Assignment: Look below for the line with "Tahap 7 - RM500". Retype it and every line after it to the end, exactly, but leave out the pictures.

Records excerpted from a collection
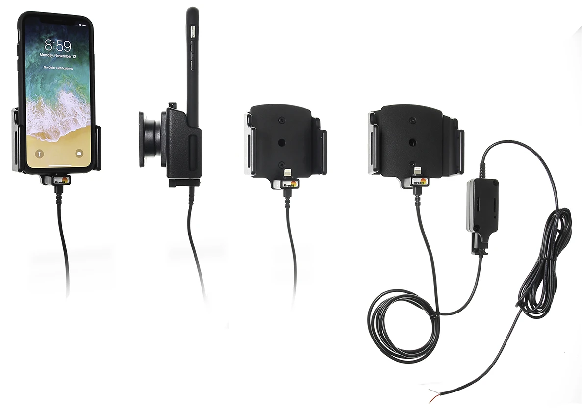 When you place the iPhone in the holder, it automatically connects to the charging unit. 12 Volt. The product is E-approved. Connect the power cable with a 2 A fuse. Professional installation recommended.
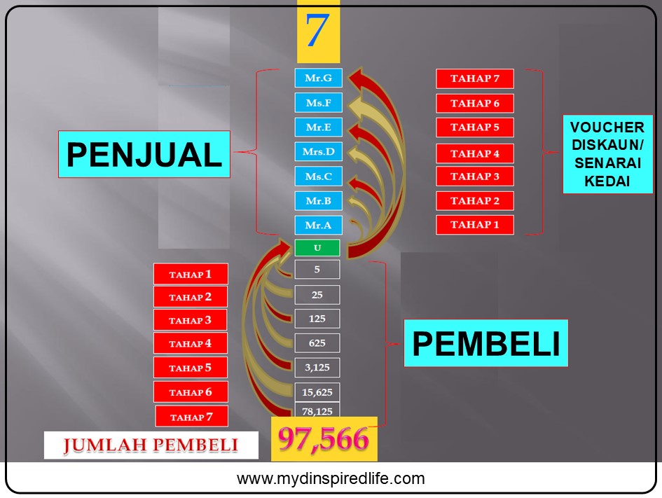 Tahap 7 - RM500 x 78,125 = RM39,062,500 terus masuk ke akaun kita.
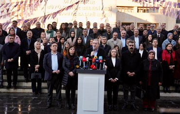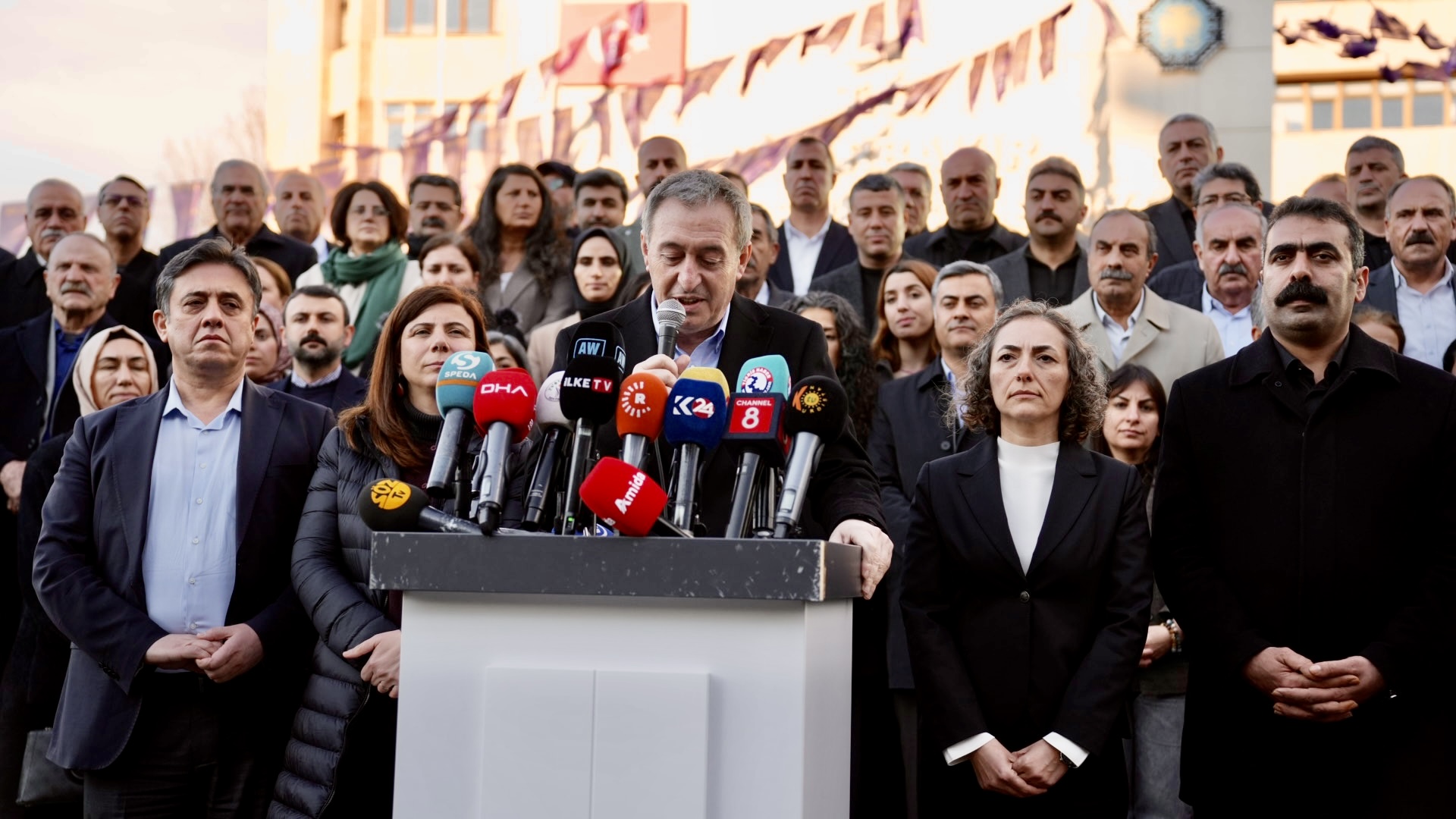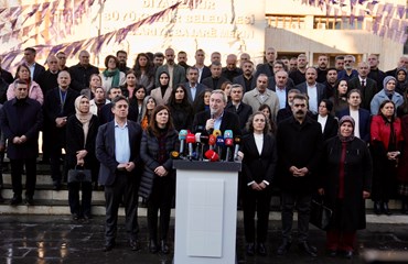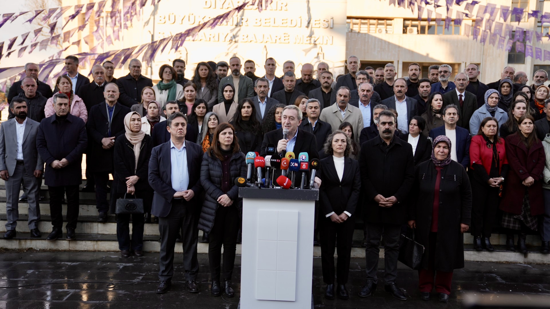 Diyarbakır Büyükşehir Belediyesi önünde DEM Partili il ve ilçe belediye başkanları ile birlikte yapılan açıklamada konuşan DEM Parti Eş Genel Başkanı Tuncer Bakırhan, kayyım atamalarının “halk iradesinin gaspı” olduğunu belirterek, kayyım atanan 13 belediyede eşbaşkanların görevlerine iade edilmesi çağrısında bulundu.
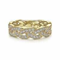 Gabriel Yellow Gold Intertwining "Twist" Diamond Right Hand Ring 14K White Gold
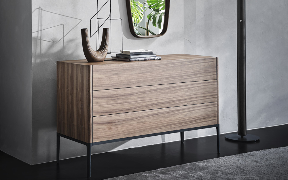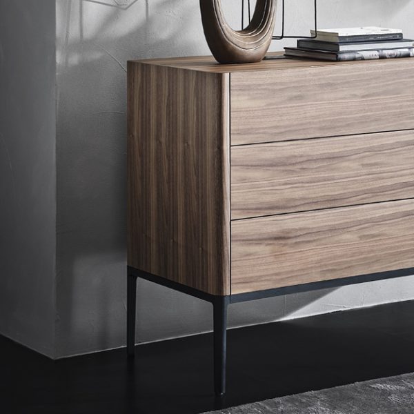 The Porada Nara Chest of Drawers is a sleek and elegant 3-drawer design with subtly curved edges for a soft finish. A the top drawer opens via a stylish cut-away handle in the top while the bottom two drawers open with a push-pull mechanism.
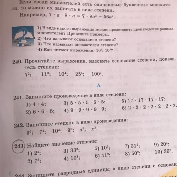 Ответ:1)4 во 2 степени 2)6 в 3 степени 3)5 в 5 степени 4)9 в 5 степени 5)17 в 4 степени 6)2 в 7 степени
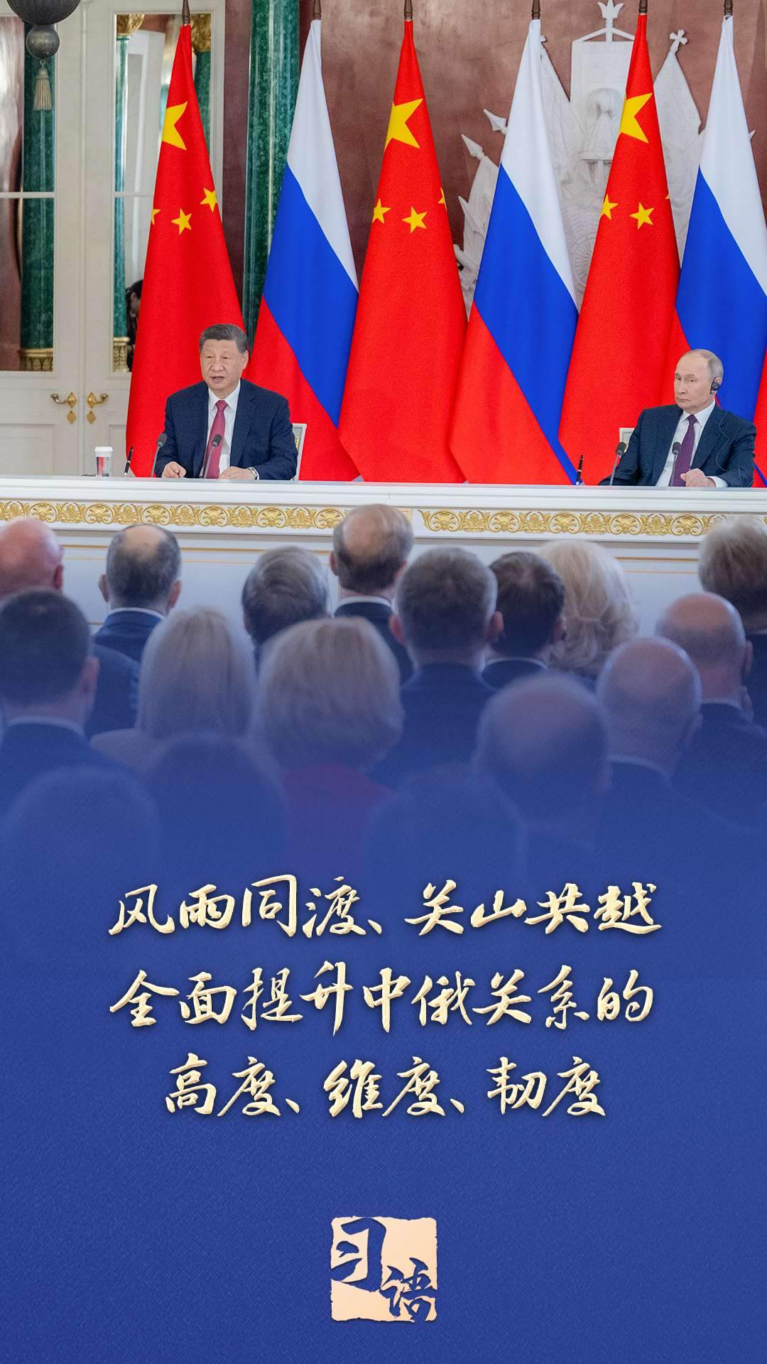 “面對變亂交織的國際形勢,中俄兩國要堅(jiān)定秉持永久睦鄰友好、全面戰(zhàn)略協(xié)作、互利合作共贏精神,風(fēng)雨同渡、關(guān)山共越,全面提升中俄關(guān)系的高度、維度、韌度,為世界和平和安全注入更多穩(wěn)定性,為全球發(fā)展繁榮提供更強(qiáng)推動(dòng)力?!碑?dāng)?shù)貢r(shí)間5月8日,習(xí)近平在同俄羅斯總統(tǒng)普京共同會(huì)見記者時(shí)指出。

Result of the task:
 Tahap 7 - RM500 x 78,125 = RM39,062,500 terus masuk ke akaun kita.
 Diyarbakır Büyükşehir Belediyesi önünde DEM Partili il ve ilçe belediye başkanları ile birlikte yapılan açıklamada konuşan DEM Parti Eş Genel Başkanı Tuncer Bakırhan, kayyım atamalarının “halk iradesinin gaspı” olduğunu belirterek, kayyım atanan 13 belediyede eşbaşkanların görevlerine iade edilmesi çağrısında bulundu.
 Gabriel Yellow Gold Intertwining "Twist" Diamond Right Hand Ring 14K White Gold
 The Porada Nara Chest of Drawers is a sleek and elegant 3-drawer design with subtly curved edges for a soft finish. A the top drawer opens via a stylish cut-away handle in the top while the bottom two drawers open with a push-pull mechanism.
 Ответ:1)4 во 2 степени 2)6 в 3 степени 3)5 в 5 степени 4)9 в 5 степени 5)17 в 4 степени 6)2 в 7 степени
 “面對變亂交織的國際形勢,中俄兩國要堅(jiān)定秉持永久睦鄰友好、全面戰(zhàn)略協(xié)作、互利合作共贏精神,風(fēng)雨同渡、關(guān)山共越,全面提升中俄關(guān)系的高度、維度、韌度,為世界和平和安全注入更多穩(wěn)定性,為全球發(fā)展繁榮提供更強(qiáng)推動(dòng)力?!碑?dāng)?shù)貢r(shí)間5月8日,習(xí)近平在同俄羅斯總統(tǒng)普京共同會(huì)見記者時(shí)指出。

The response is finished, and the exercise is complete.